§ **THE TASK**:
Exactly as written, transcribe the data from its opening line through the line containing "Korban saat dievakuasi". Leave every picture out.

RECORDS FOR PROCESSING START

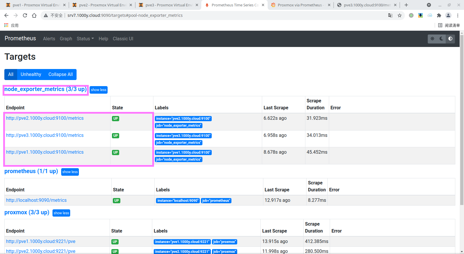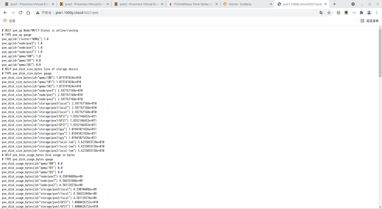 - job_name: 'proxmox' metrics_path: /pve static_configs: - targets: ['pve1.1000y.cloud:9221', 'pve2.1000y.cloud:9221', 'pve3.1000y.cloud:9221']
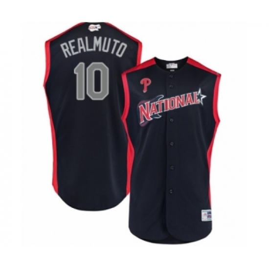 >Youth Philadelphia Phillies #10 J. T. Realmuto Authentic Navy Blue National League 2019 Baseball All-Star Jersey
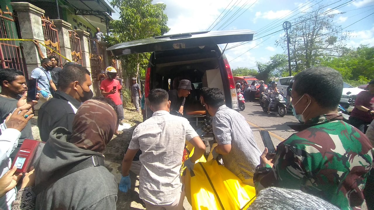 Korban saat dievakuasi di mobil ambulance untuk di visum di RSUD Palagimata
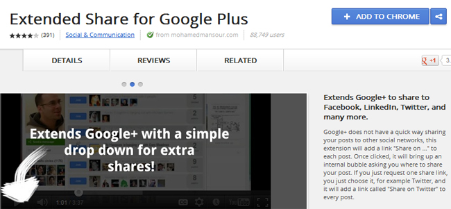Start by searching for the Google+ extension in your Chrome browser or in Google. Replace with the “Extended Share for Google Plus” plugin and install it.
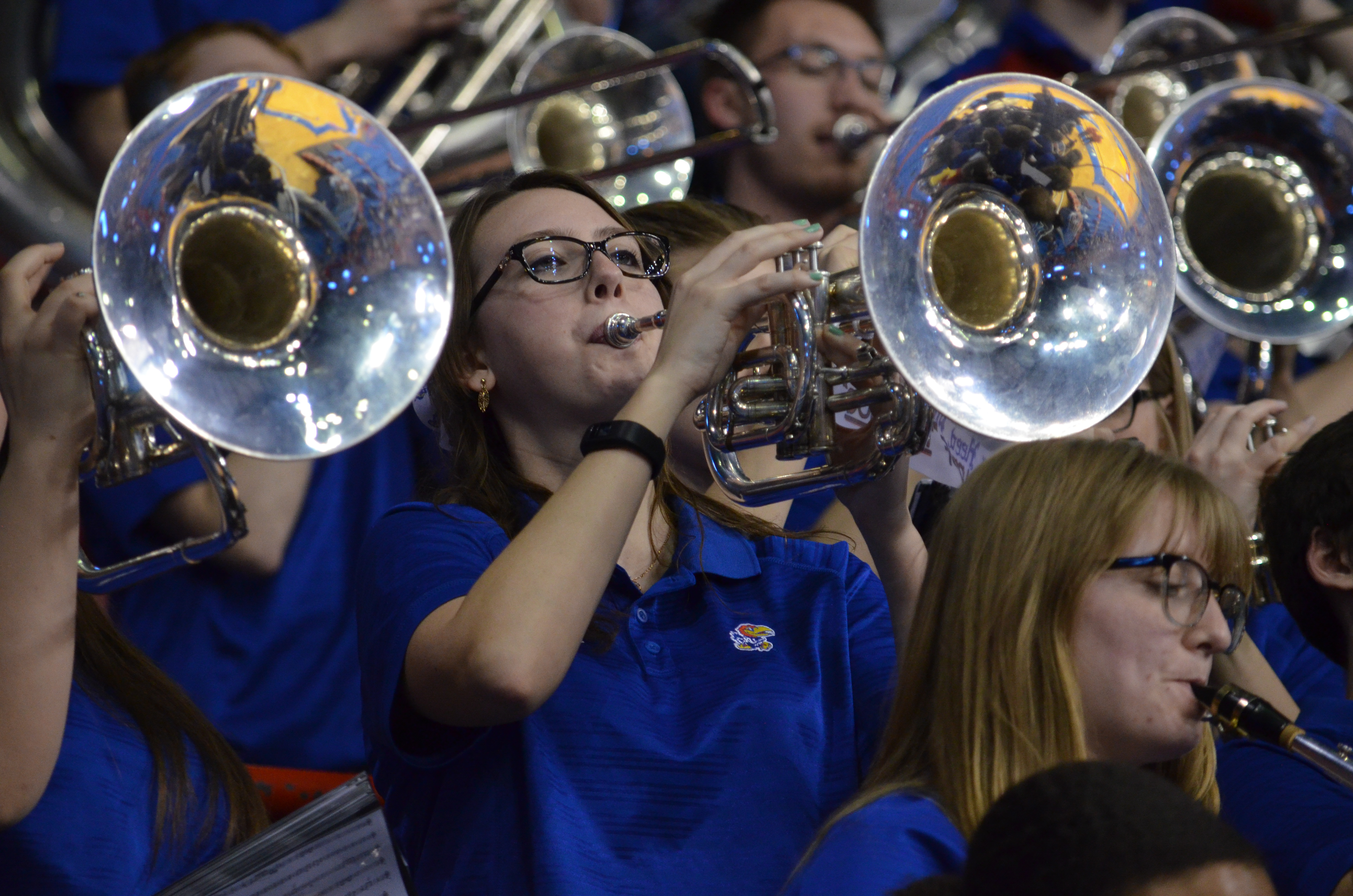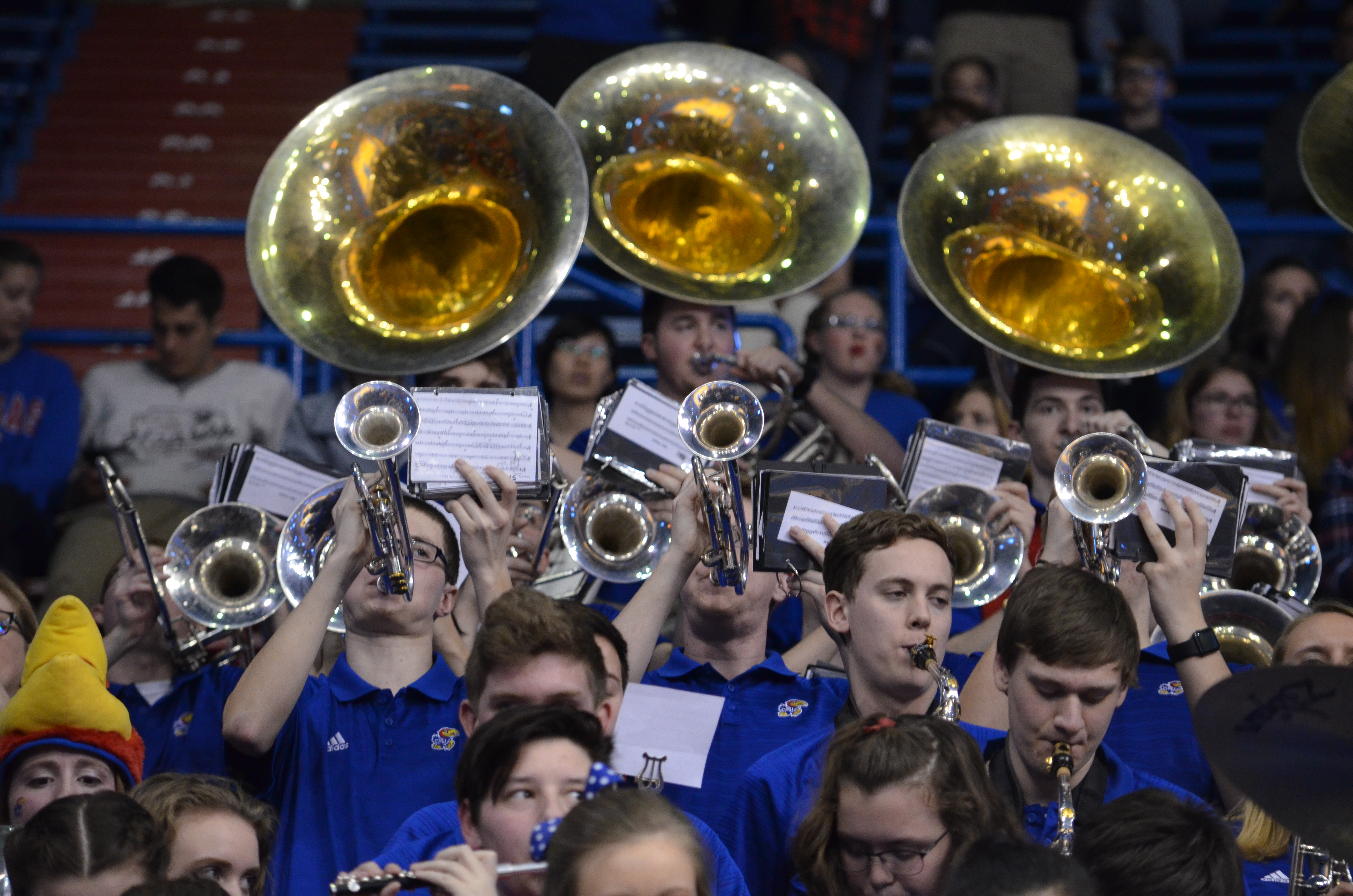 Members of the KU band perform a song at Allen Fieldhouse on Saturday, March 31, 2018. The Kansas basketball team's game against Villanova was played on the video board. KU lost to Villanova, 95-79.
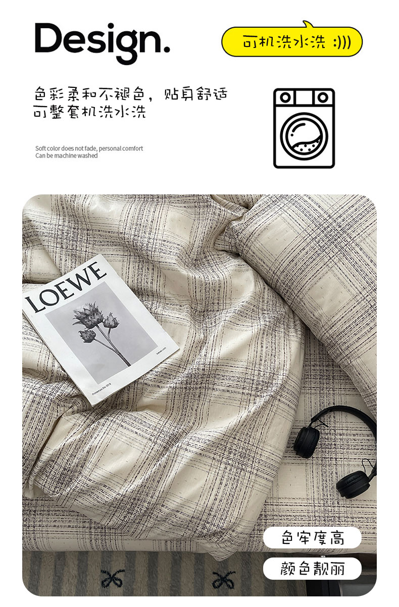 当前位置: 91家纺网 > 商品网购 > 床品套件 > 四件套 > 全棉普通四件套 > 耀悦家纺 2025新款简约无印风条纹格子纯棉四件套被套床单枕套床笠宿舍学生套件 心语格调
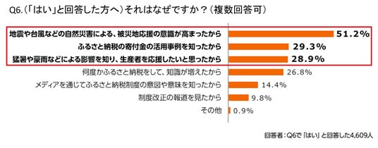 2.「2024年はこれまで以上に地域応援などの制度趣旨を意識した」と回答した人が4割以上、同一被災地域への継続寄付については「寄付したことがある」「今後してみたい」という回答が8割以上(Q5~Q9)- 「2024年はこれまで以上に地域応援などの制度趣旨を意識した」と回答した人は43.2%、その理由として「地震や台風などの自然災害による、被災地応援の意識が高まったから(51.2%)」が最も多い結果となりました。次いで「ふるさと納税の寄付金の活用事例を知ったから(29.3%)」「猛暑や豪雨などによる影響を知り、生産者を応援したいと思ったから(28.9%)」が多く、ふるさと納税を通じた地域支援の広まりがうかがえました。
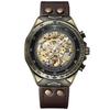 BINBOND Erkekler için Retro İskelet Steampunk Saat, Bronz Bezel, Otomatik Mekanik Saat, Deri Kayış, Su Geçirmez Erkek Kol Saati

RECORDS FOR PROCESSING END

§ **WRITTEN SOLUTION**:
 - job_name: 'proxmox' metrics_path: /pve static_configs: - targets: ['pve1.1000y.cloud:9221', 'pve2.1000y.cloud:9221', 'pve3.1000y.cloud:9221']
 >Youth Philadelphia Phillies #10 J. T. Realmuto Authentic Navy Blue National League 2019 Baseball All-Star Jersey
 Korban saat dievakuasi di mobil ambulance untuk di visum di RSUD Palagimata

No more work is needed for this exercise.